How Donor-Funded Programs Measure Health Technology Impact
How donor-funded programs evaluate health technology impact in low-resource settings, from DALYs and cost-effectiveness to real-world measurement frameworks.

Donor-funded health technology programs produce a lot of data. They also produce a lot of reports about that data. What they produce far less reliably is evidence that the technology actually changed health outcomes. The gap between deploying a digital health tool and proving it made people healthier is wider than most program documents acknowledge, and the measurement methods used to bridge that gap vary enormously depending on who is asking and who is paying.
Global digital health spending in low- and middle-income countries now runs into the billions annually. USAID alone allocated over $200 million to digital health activities across its portfolio in fiscal year 2024, according to its Digital Health Position Paper update. The Global Fund, Gavi, the Bill & Melinda Gates Foundation, and bilateral donors from Europe and Asia add substantially more. All of them want to know what their money accomplished. None of them measure it the same way.

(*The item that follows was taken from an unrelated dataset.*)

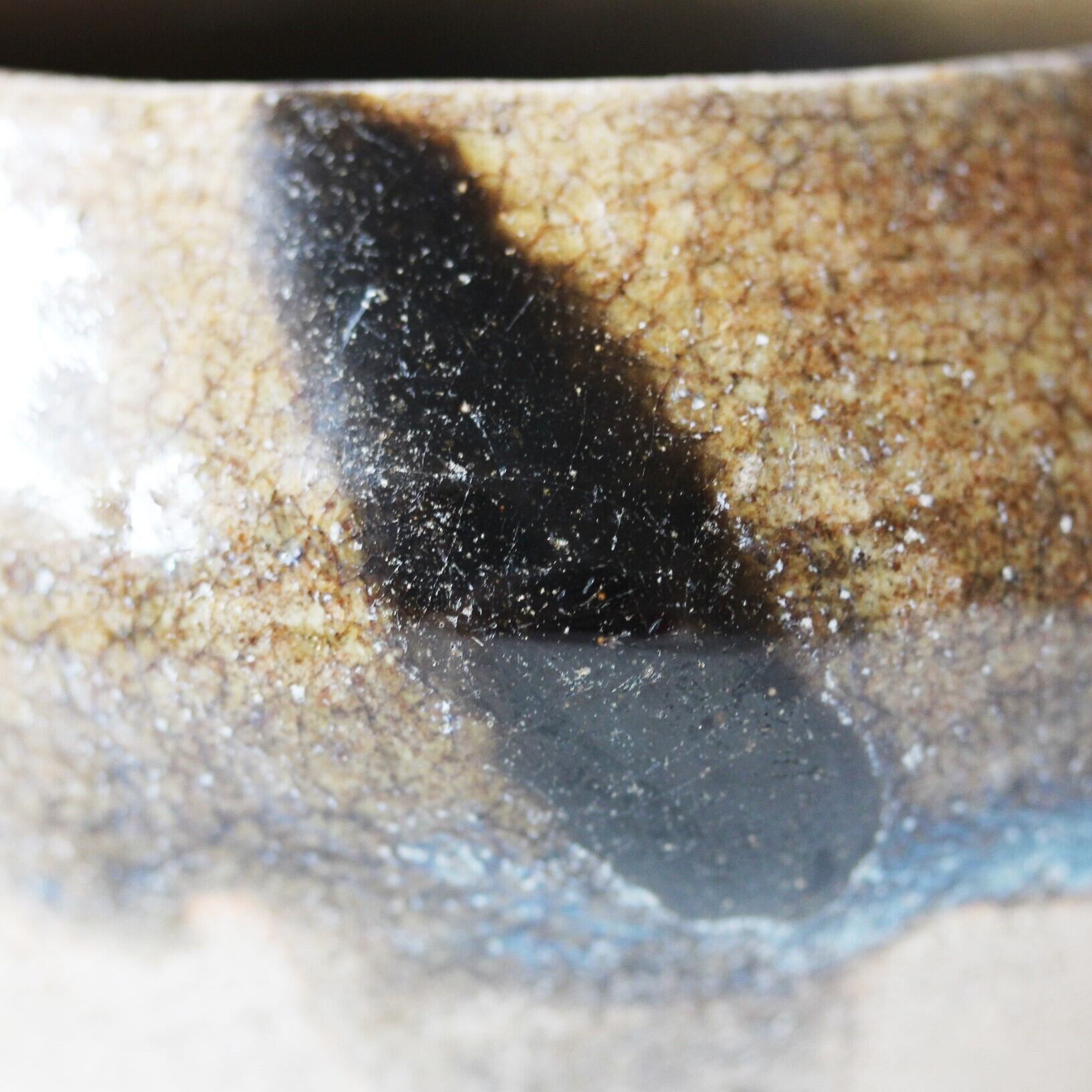 グリーンがかった暗い肌に白濁した釉が浮かび上がる様子は、水をも連想させるものです。

"We have more digital health pilots than we have rigorous evaluations of digital health pilots. The evidence base has not kept pace with the enthusiasm." — Dr. Alain Labrique, Director of Digital Health, WHO, at the 2024 Global Digital Health Forum
How donors currently evaluate health technology investments
The measurement frameworks donors use depend on what they are trying to prove and to whom. A bilateral donor reporting to its parliament needs different evidence than a private foundation reporting to its board. A multilateral institution like the WHO needs evidence that generalizes across countries. These different accountability structures produce different measurement approaches, and sometimes contradictory conclusions about the same technology.
USAID's evaluation approach leans heavily on implementation research — studies that examine whether a technology works in real operational settings, not just controlled trials. Their Digital Health Vision 2020-2024, updated in 2024, specifically called for "pragmatic evidence" over randomized controlled trials, recognizing that RCTs in digital health often test conditions that bear little resemblance to actual deployment. When a research team evaluates an mHealth tool in a well-funded pilot site with trained staff and reliable connectivity, the results may say more about the pilot conditions than about the technology.

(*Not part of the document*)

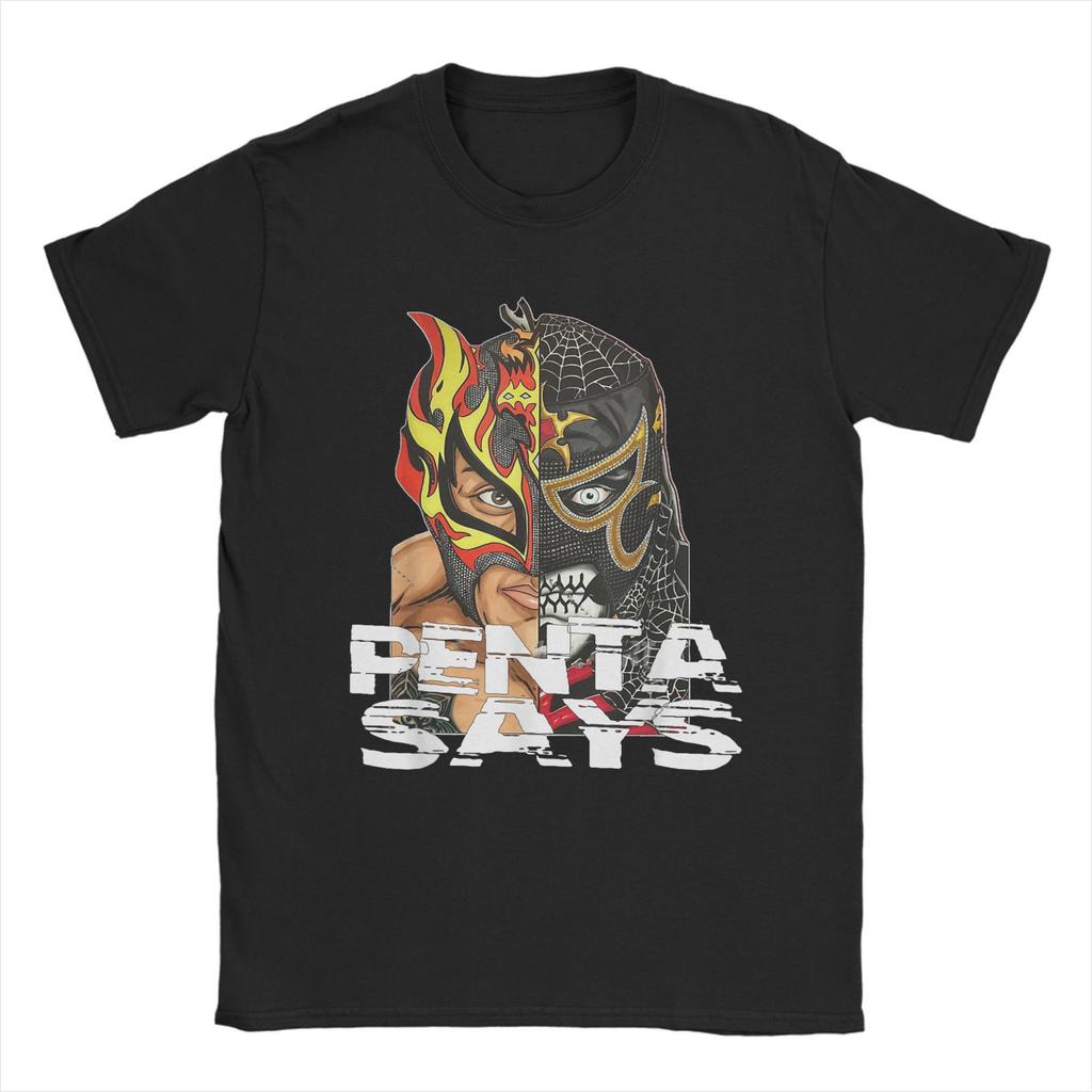 Penta Says Lucha Bros Футболка для мужчин Чистый хлопок Винтажная футболка с круглым вырезом Футболки для боксеров с коротким рукавом Товары размера плюс

The Global Fund takes a different approach. Its results framework tracks coverage indicators — how many people were reached, how many tests were administered, how many treatments were initiated. Technology is measured by whether it increased throughput in existing health programs. If a digital tool helped a country screen 15% more TB suspects in a quarter, that counts. Whether the tool itself was the cause, or whether the additional funding and attention that came with it were the real drivers, is harder to isolate.
The Gates Foundation has invested heavily in building measurement capacity at the country level. Its Primary Health Care programs in Nigeria, Ethiopia, and India include embedded evaluation components that attempt to attribute health gains specifically to digital interventions. Dr. Orin Levine, who led the foundation's vaccine delivery strategy before transitioning to broader health systems work, described the challenge bluntly in a 2023 interview with Devex: "Attribution is the hardest problem in global health evaluation. Everything is confounded by everything else."
The DALY question
Disability-adjusted life years remain the standard currency for comparing health interventions across categories. One DALY represents one year of healthy life lost. Donors use cost-per-DALY-averted to rank interventions and allocate resources. A 2023 systematic review published in JMIR by researchers at the University of Cape Town examined cost-effectiveness analyses of digital health interventions and found that most fell below the WHO threshold of one to three times GDP per capita per DALY averted, making them technically cost-effective.
But the DALY calculations for technology interventions carry assumptions that researchers themselves flag as problematic. A smartphone-based screening tool does not directly avert DALYs. It identifies people who need treatment. Whether those people actually receive treatment, adhere to it, and experience better outcomes depends on the health system surrounding the tool. The DALY attribution chain from "app detected a condition" to "patient lived longer" passes through referral systems, drug supply chains, clinical capacity, and patient behavior. Each link introduces uncertainty.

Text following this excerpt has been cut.